Le dije a Carol que había contradicho inmediatamente a don Juan y me había jactado de que, como era inmune al miedo, si tenía que permanecer dentro de los confines de un camino, la fuerza motriz para mí tenía que ser el amor.
Don Juan había replicado que cuando llega el verdadero tirón, el miedo es la única condición que vale la pena para un guerrero. Secretamente le guardaba rencor por lo que consideraba su estrechez de miras encubierta.
«La rueda ha dado una vuelta completa», le dije a Carol, «y mírame ahora. Puedo jurarte que lo único que me mantiene en marcha es el miedo a perder al nagual».
Carol me miró con una extraña expresión que nunca había visto en ella. «Me atrevo a disentir», dijo suavemente. «El miedo no es nada comparado con el afecto. El miedo te hace correr alocadamente; el amor te hace moverte inteligentemente».
«¿Qué estás diciendo, Carol Tiggs? ¿Ahora los hechiceros son gente enamorada?».
Ella no respondió. Se acostó a mi lado y apoyó la cabeza en mi hombro. Nos quedamos allí, en esa habitación extraña y hostil, durante mucho tiempo, en total silencio.
«Siento lo que tú sientes», dijo Carol abruptamente. «Ahora, intenta sentir lo que yo siento. Puedes hacerlo. Pero hagámoslo en la oscuridad».

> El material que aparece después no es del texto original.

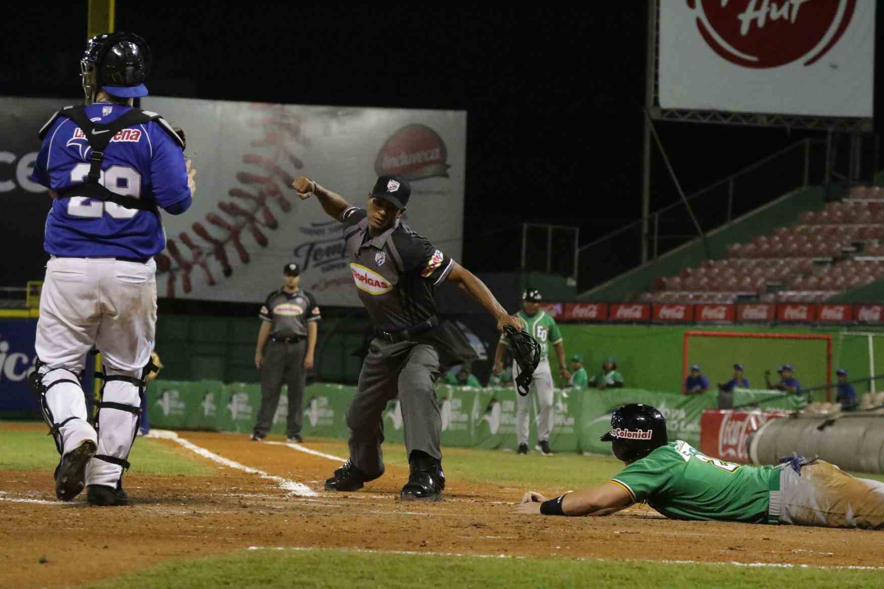 SANTO DOMINGO,-El umpire dominicano Hardlen Acosta, de home plate, canta out al estadounidense Frank Schwindell, de las Estrellas, por el receptor boricua Roberto Pérez con un disparo de Yamaico Navarro desde el jardín izquierdo en la cuarta entrada (Isaac Calvo/Licey.com)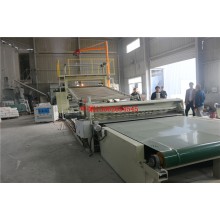 加壓式密煉機 → 自動不銹鋼提升機→ 強制喂料機 → GLD單螺桿 →2500mm成型模具 →三輥擠壓表面處理→牽引機→板材電暈處理 → 切割機 → 堆放 →油壓發泡機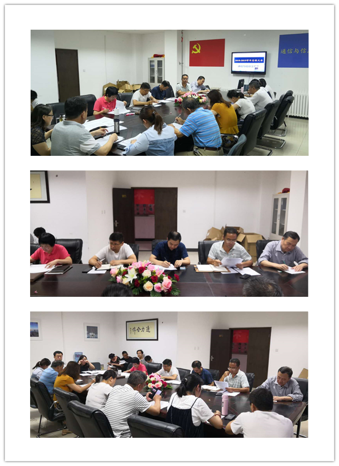 考核按部門開展,按照輔導員、通信教研室、物聯網教研室、電子信息工程教研室、電子電路教研室依次進行,每位老師對自己的師德表現、過去一學年的工作、取得成績、存在不足及改進之處進行了認真回顧和總結。老師們各自總結,相互聆聽,相互學習,取長補短,并進行了互評。

Carol estiró el brazo y apagó la luz sobre la cama. Me senté derecho de un solo movimiento. Una sacudida de espanto me había recorrido como la electricidad. Tan pronto como Carol apagó la luz, se hizo de noche dentro de esa habitación. En medio de una gran agitación, le pregunté a Carol sobre ello.
«Todavía no estás del todo recuperado», dijo tranquilizadoramente. «Tuviste un episodio de proporciones monumentales. Entrar tan profundamente en la segunda atención te ha dejado un poco maltrecho, por así decirlo. Por supuesto, es de día, pero tus ojos todavía no pueden ajustarse adecuadamente a la penumbra de esta habitación».

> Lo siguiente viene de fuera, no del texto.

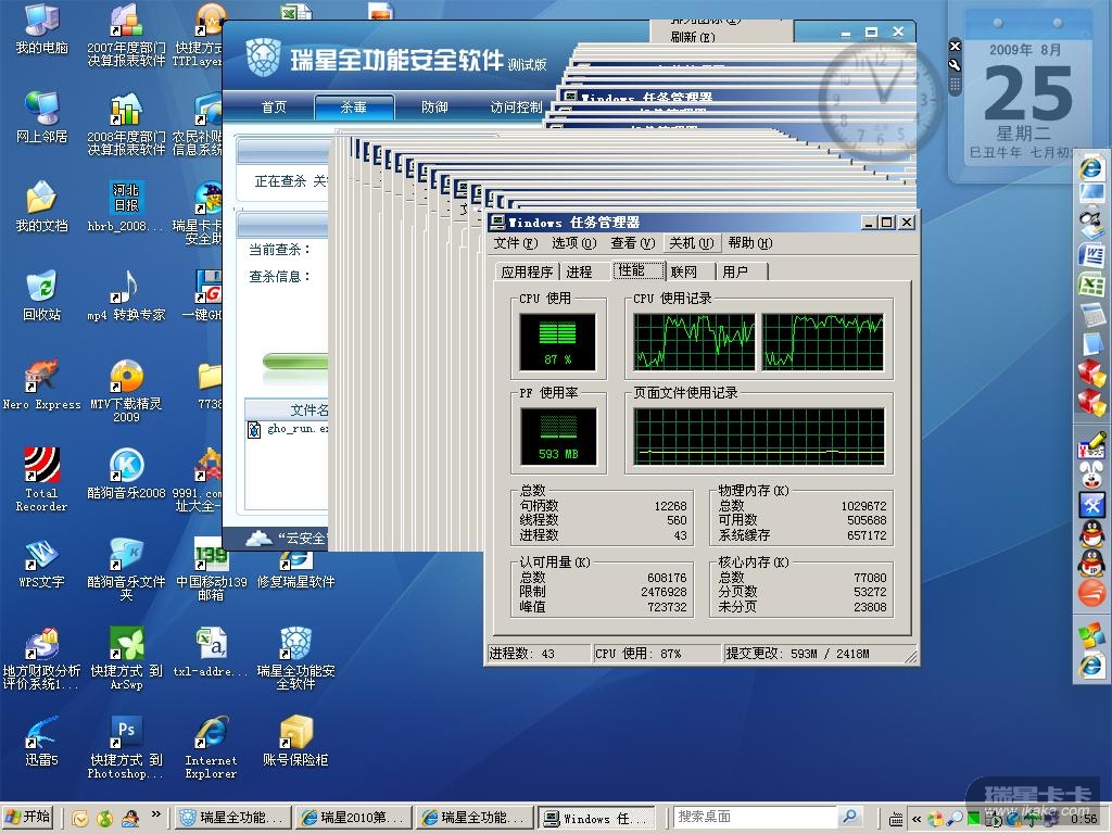 1G内存,运行了IE及诸多软件然后开杀软,在一开始杀毒会很卡的,然后再开任务管理器,恩,瞬间的cpu使用率上升,你的任务管理器只是拖影应该老天保佑了

Más o menos convencido, volví a acostarme. Carol siguió hablando, pero yo no escuchaba. Sentí las sábanas. Eran sábanas de verdad. Pasé las manos por la cama. ¡Era una cama! Me incliné y pasé las palmas de mis manos por las frías baldosas del suelo. Salí de la cama y revisé cada objeto de la habitación y del baño. Todo era perfectamente normal, perfectamente real. Le dije a Carol que cuando apagó la luz, tuve la clara sensación de que estaba soñando.

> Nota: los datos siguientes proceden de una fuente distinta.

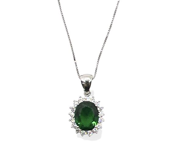 Collana donna in argento 925, pendente con zirconia cubica bianca e verde. Lunghezza cm 45. Chiusura moschettone

«Date un respiro», dijo. «Corta con estas tonterías de investigación y ven a la cama a descansar».
Abrí las cortinas de la ventana que daba a la calle. Era de día afuera, pero en el momento en que las cerré, se hizo de noche adentro. Carol me suplicó que volviera a la cama. Temía que pudiera huir y terminar en la calle, como había hecho antes. Tenía sentido. Volví a la cama sin darme cuenta de que ni por un segundo se me había pasado por la mente señalar las cosas. Era como si ese conocimiento hubiera sido borrado de mi memoria.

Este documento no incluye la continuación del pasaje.